So site structure, let's think of a spider. As he builds his web, he makes sure to connect every string efficiently together so that he can get across to anywhere he needs to get to, to catch his prey. Well, your website needs to work in that similar fashion. You need to make sure you have a really solid structure, with interlinking between all your pages, categories and things of that sort, to make sure that Google can easily get across your site and do it efficiently without too many disruptions or blockers so they stop crawling your site.
Your sitemaps are kind of a shopping list or a to-do list, if you will, of the URLs you want to make sure that Google is crawling whenever they see your site. Now Google isn't always going to crawl those URLs, but at least you want to make sure that they see that they're there, and that's the best way to do that.
GSC and properties
Then Google Search Console, anybody that creates a website should always connect a property to their website so they can see all the information that Google is willing to share with you about your site and how it's performing.
So let's take a quick deep dive into Search Console and properties. So as I mentioned previously, you always should be creating that initial property for your site. There's a wealth of information you get out of that. Of course, natively, in the Search Console UI, there are some limitations. It's 1,000 rows of data they're able to give to you. Good, you can definitely do some filtering, regex, good stuff like that to slice and dice, but you're still limited to that 1,000 URLs in the native UI.
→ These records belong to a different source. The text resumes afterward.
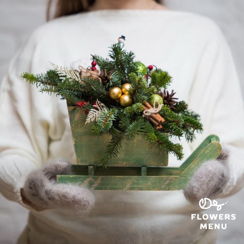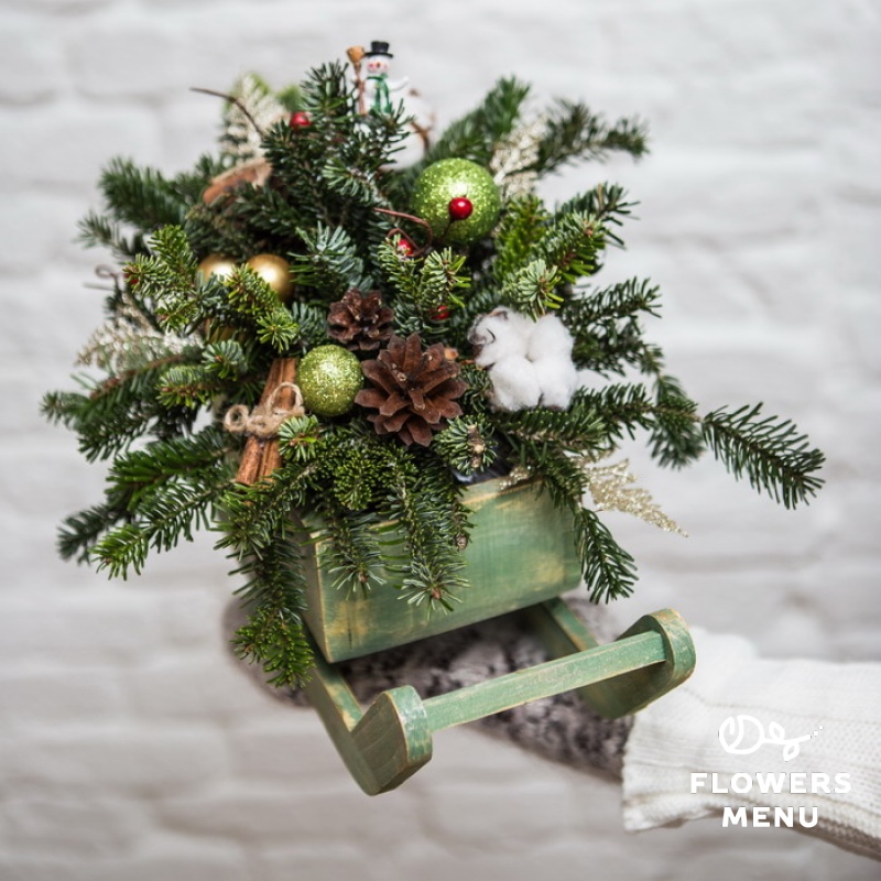 Состав: Нобилис (лапник), палочки корицы, сосновые шишки, хлопок, декоративные вставки, оазис, деревянное кашпо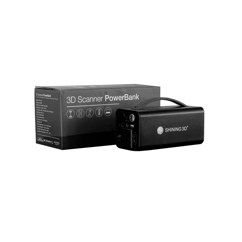 A SHINING3D PowerBank 150 Wh-s, hordozható tápegység SHINING3D 3D szkennerekhez. AC, DC és USB kimeneteivel megbízhatóan működteti az EinScan/FreeScan eszközöket terepen is, akár teljes munkanapon át. 200×115×90 mm, 1,46 kg – könnyen szállítható, ipari felhasználásra tervezve.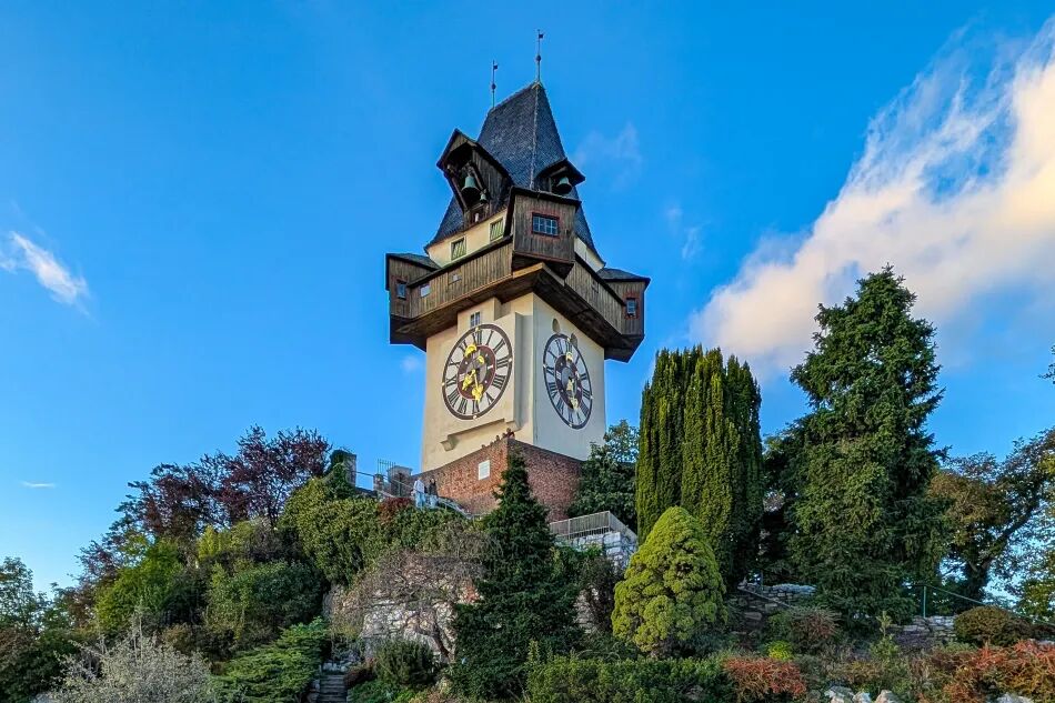格拉茲鐘樓有蠻多故事的,目前的塔樓大約於1560年落成,上面的木造建築曾是消防隊用來監控市區是否發生火災的瞭望點。目前的時鐘是18世紀的產物,一開始只有時針,後來才加上分針,所以兩者位置看起來怪怪的。既然是鐘樓,重要任務就是報時,如果有人被處決或者宵禁時間到的時候也會敲鐘。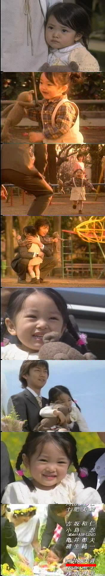 姓名:向井地 美音罗马字:MUKAICHI MION性别:女诞生日:1998年1月29日星座:水瓶座身高:120cm出身地:琦玉县特长:钢琴作品:TV NHK「利家とまつ」 初姫役 =<利家与松> 初姬日本テレビ「働きマン」 山口美咲役 =<工作狂人> 山口美咲フジテレビ「フライトパニック」 柳本メグミ役 =<九霄惊魂> 柳本惠「パパの涙で子は育つ」 川村カヤ役 =<爸爸流泪养育孩子>川村加悦 「アンフェア」 佐藤美央役レギュラ=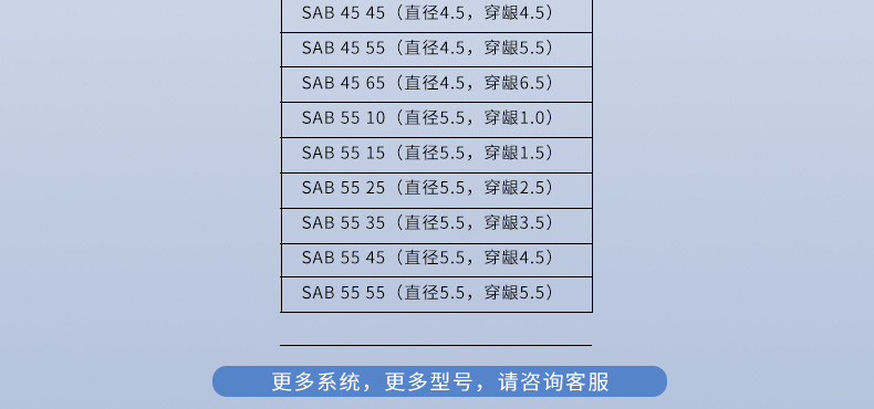- 颜色分类:SAB 55 10(直径5.5,穿龈1.0)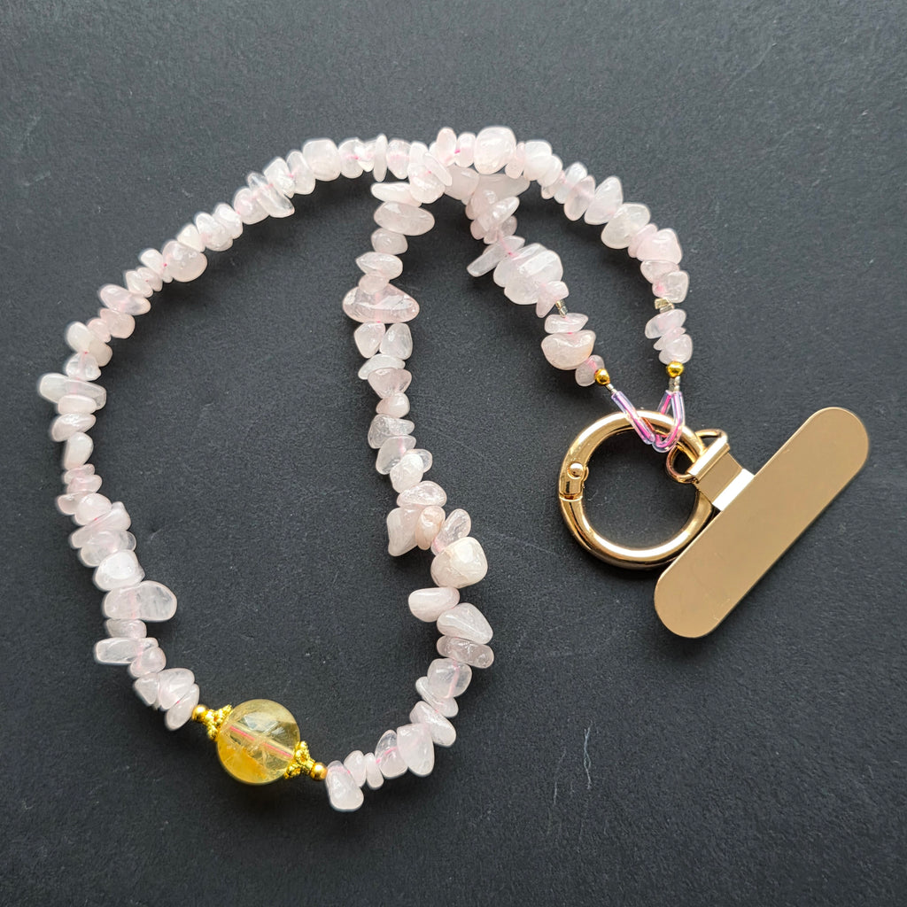 Descriere - Lanț pentru telefon din cuart roz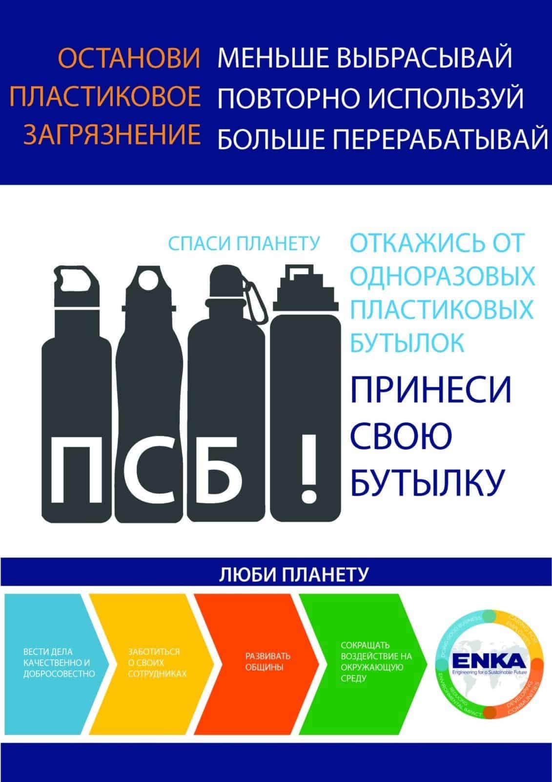 Для того чтобы поднять осведомленность в этом отношении и в соответствии с политикой устойчивого развития компании, группа компаний «ЭНКА» решила прекратить закупку пластиковых бутылок с водой.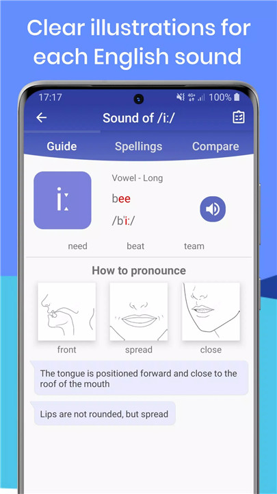 - British and American Accent Practice: Practice English pronunciation with real British or American accent voices, including over 8,000 minimal pairs for comparison.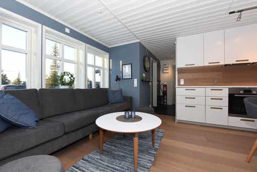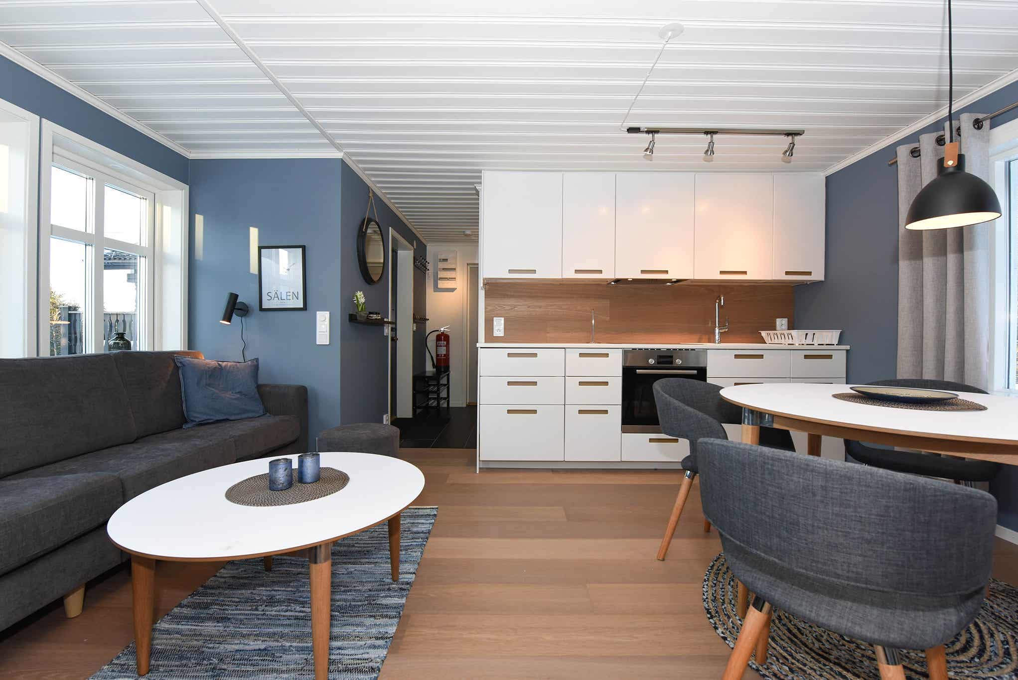 Woonkamer met gecombineerde keuken.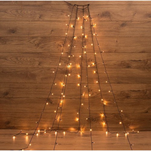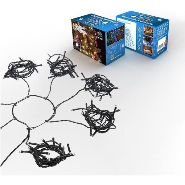 Елочная гирлянда представляет собой конструкцию, в основании которой расположено кольцо, на котором через определенные промежутки крепятся 7 нитей по 1,5 метра. Данная гирлянда предназначена для домашнего использования и идеально подойдет для украшения елок. Просто повесьте кольцо на вершину елки, расправьте нити и готово! Данная гирлянда имеет длину 1,5 м, цвет свечения светодиодов теплый белый.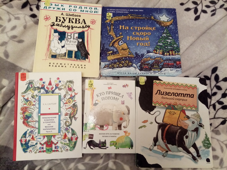 Лизелотта. Большой сюрприз. Отличная книжка картинка, на новогоднюю тему. Читали её раньше со старшим. Теперь с удовольствием перечитали вместе с младшим, старший тоже слушал и не раз.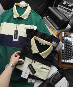 Áo Polo Pack Super với những đường phối ngang được bố trí hài hòa, màu sắc tươi mới tạo cảm giác cân đối và đầy cuốn hút.

So something I have actually been doing for the last decade or so is creating properties at a directory level to get that same amount of information, but to a specific directory. Some good stuff that I have been able to do with that is connect to Looker Studio and be able to create great graphs and reports, filters of those directories. To me, it's a lot easier to do it that way. Of course, you could probably do it with just a single property, but this just gets us more information at a directory level, like example.com/toys.
Sitemaps
Next I want to dive into our sitemaps. So as you know, it's a laundry list of URLs you want Google to see. Typically you throw 50,000, if your site is that big, into a sitemap, drop it at the root, put it in robots.txt, go ahead and throw it in Search Console, and Google will tell you that they've successfully accepted it, crawled it, and then you can see the page indexation report and what they're giving you about that sitemap. But a problem that I've been having lately, especially at the site that I'm working at now with millions of URLs, is that Google doesn't always accept that sitemap, at least not right away. Sometimes it's taken a couple weeks for Google to even say, "Hey, all right, we'll accept this sitemap," and even longer to get any useful data out of that.
So to help get past that issue that I've been having, I now break my sitemaps into 10,000 URL pieces. It's a lot more sitemaps, but that's what your sitemap index is for. It helps Google collect all that information bundled up nicely, and they get to it. The trade-off is Google accepts those sitemaps immediately, and within a day I'm getting useful information.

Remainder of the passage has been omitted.